Женский силуэт позади меня улыбнулся. Отдалённо похожая на меня женщина, состоящая из трупных ошмётков, ласково провела пальцем по моей шее. Наклонилась к уху. Прежде чем она успела что-то прошептать, я словно прозрела, закричав…
– Ришар! – кто-то дёргал меня за плечи. – Ришар!
Мой параллельный мир схлопнулся. Лопнул, как воздушный шар, когда голос прорвался за барьер и оглушил меня. Я открыла глаза.
Габриэль облегчённо выдохнул.
– Твою мать, ты меня напугала.
Растерянно озираясь, словно пьяная, я нашла себя сидящей под разбитой раковиной, из которой фонтаном хлестала вода. Эттвуд опустился на корточки передо мной, часто выдыхая в попытке успокоиться.
– У тебя не все дома? Зачем ты так орала? Я думал, тебя тут режут.
Мои губы приоткрылись, а глаза расширились.
– Danny ahabi yabi, – прошептала я, глядя на треснувшую, словно от когтей, поверхность туалетной кабинки.
Эттвуд вдруг резко напрягся.
– Что ты сейчас сказала?
VIII
Я искала в интернете психиатрические больницы поблизости, пока доктор Робинс вёз нас домой. Мама так разошлась в попытке охомутать его, что не заметила, как на заднем сидении я свернулась калачиком и заплакала.

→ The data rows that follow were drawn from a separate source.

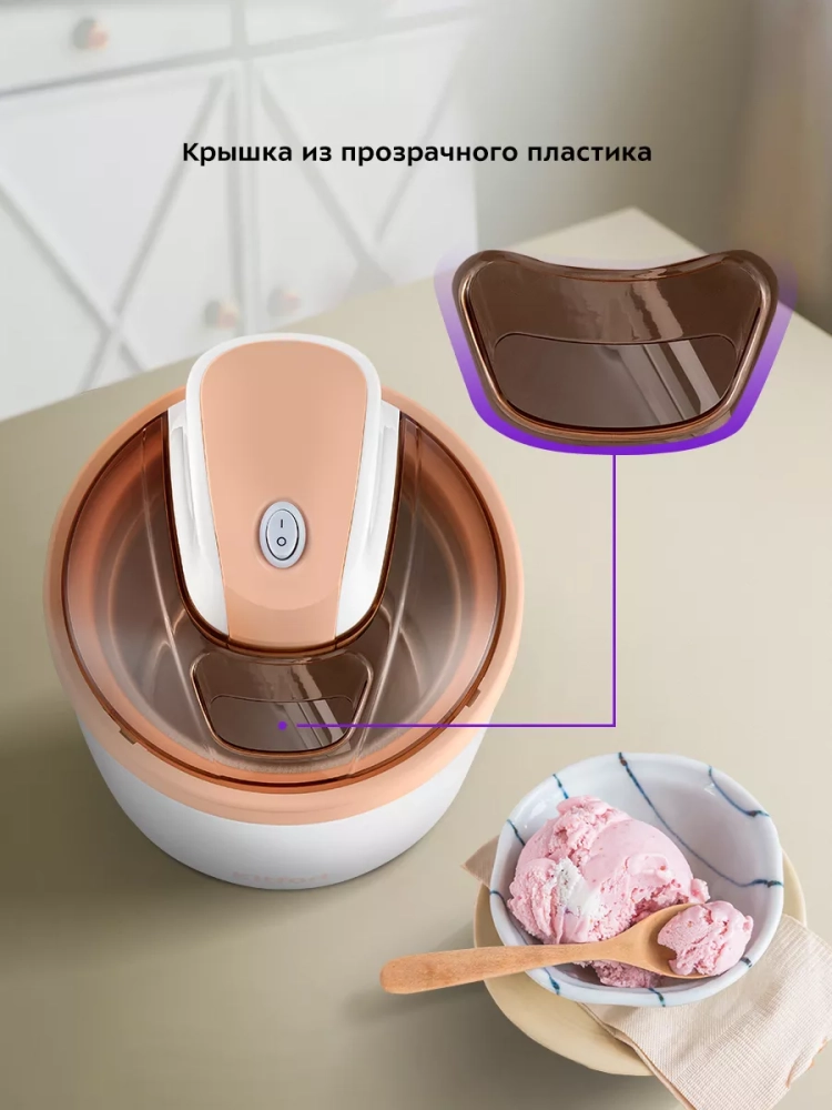 Крышка мороженицы изготовлена из прозрачного пластика, благодаря чему можно наблюдать за процессом приготовления мороженого. Для удобства добавления ингредиентов в процессе приготовления в крышке есть загрузочное отверстие. Прорезиненные ножки не дают устройству скользить по столу.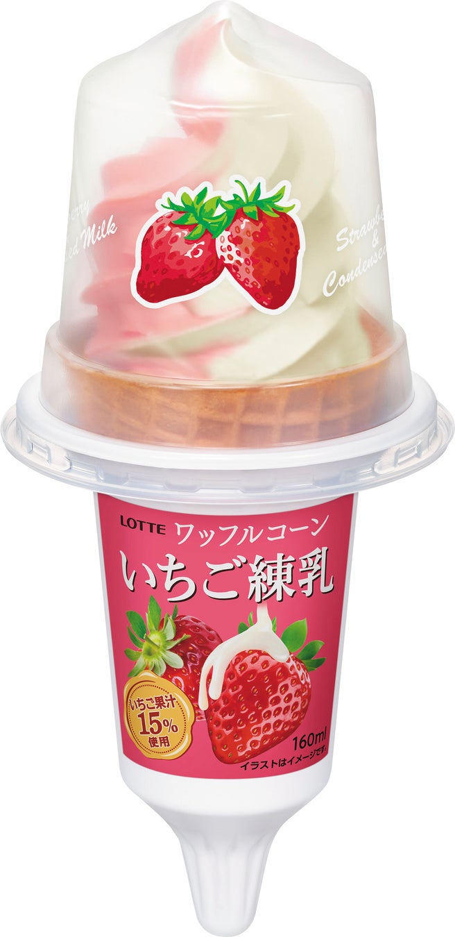 【内容】いちごアイスと練乳アイスの2色巻きのワッフルコーンアイスです。いちご果汁を30%配合(製品中15%)して甘酸っぱさを表現したいちごアイスに、ミルクの風味が味わえる練乳アイスを相性抜群に仕立てました。サクサクのコーンは小麦粉の一部に全粒粉を使用し、香ばしい風味を楽しめます。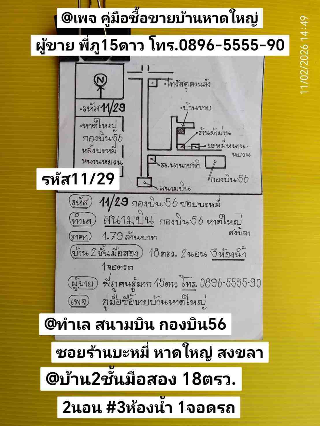 บ้าน2ชั้นมือสอง กองบิน56 หาดใหญ่ สงขลา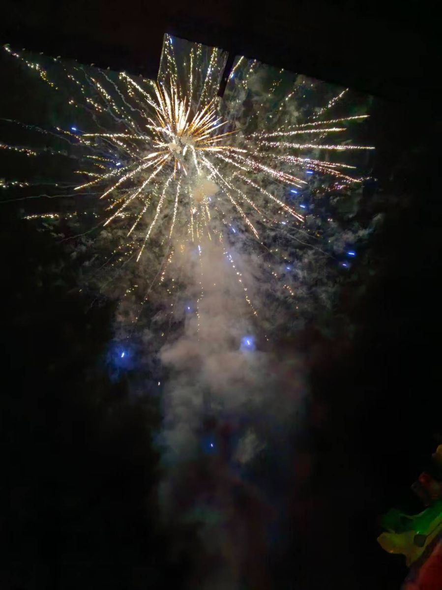 国庆长假,我回老家参加堂姐的婚礼。晚宴设在村口晒谷场,酒过三巡,突然听见“咻——”的破空声。一抬头,烟花正在夜空绽放。金色的菊,银色的柳,红色的五角星,把整个村庄照得恍如白昼。新娘子仰头的侧脸被映亮,眼里有星光在跳。孩子们兴奋地尖叫,大人们举着手机记录。我站在喧闹中,看着烟花一簇接一簇。想起课本里说的“火树银花”,原来古人早已见过这般美景。这转瞬即逝的绚烂,是为两个人的新生,也像在庆祝这片土地的重生。明天又要背起书包走向教室,但此刻,所有人都在这片光华下变成了孩子。烟花终会散去,可它照亮过的笑容,会留在心里很久很久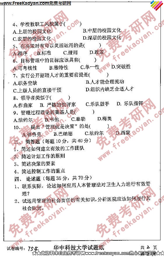 专业课考研经验 本站小编 FreeKaoyan 2018-01-23华中科技大学2007年考研真题-管理学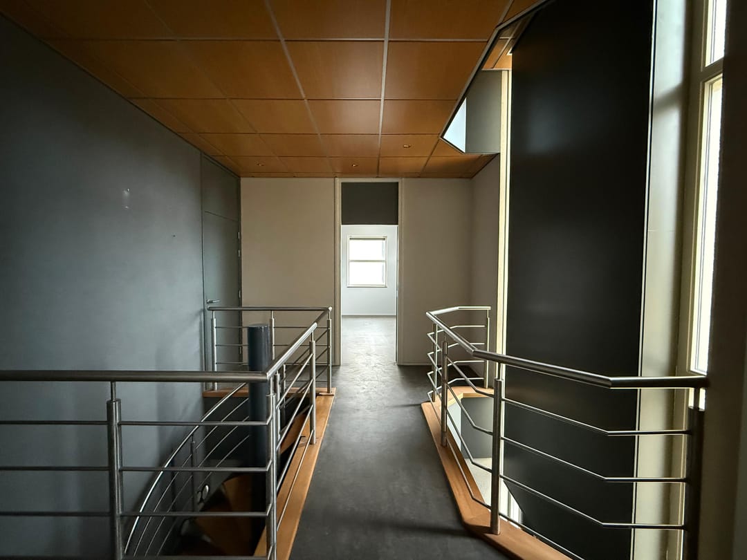 1e verdieping: Overloop. Gedeelde opslag en cv ruimte. Kantoorruimte.

Впрочем, я не чувствовала стыда за эту слабость и слёзы. Наоборот, я испытывала благодарность по отношению к собственной трусливости, искренне веря, что без неё уже давно бы умерла.
– Господи, Чарли, я тоже ходила на тот концерт! Jorney, Нью-Йорк, восемьдесят пятый! – Мама принялась напевать «Don’t Stop Believin».
Я вытерла слёзы и просунула голову между передними сидениями, намереваясь предотвратить пытку её пением.
– Меня сейчас вырвет, – поделилась я.
«Робинс номер один» снисходительно улыбнулся. Он водил как старый дед: не отвлекался от дороги и плёлся позади всех со скоростью сорок километров в час. Хотелось сесть за руль и показать ему, как надо и принято в Париже, но теперь я боялась даже водить. Что будет, если шизофрения обострится прямо за рулём? Правильно, омлет из меня, мамы и папы «Робинса номер два».
– Может, тебе нужна таблетка от несварения? – цокнула языком мама.
– Меня вырвет от твоего пения и этой песни, выкованной на адской наковальне, чтобы мучить грешников.
Мама подтолкнула меня ладонью в лоб, возвращая туда, откуда я вылезла. Я потёрла место, на котором отпечаталась её рука, и проворчала:
– Мать называется.
– Ты ещё не видела, какая я мать! Увидишь, когда приедем домой, – злобно зыркнув в наказание за ночное рандеву, прошипела она.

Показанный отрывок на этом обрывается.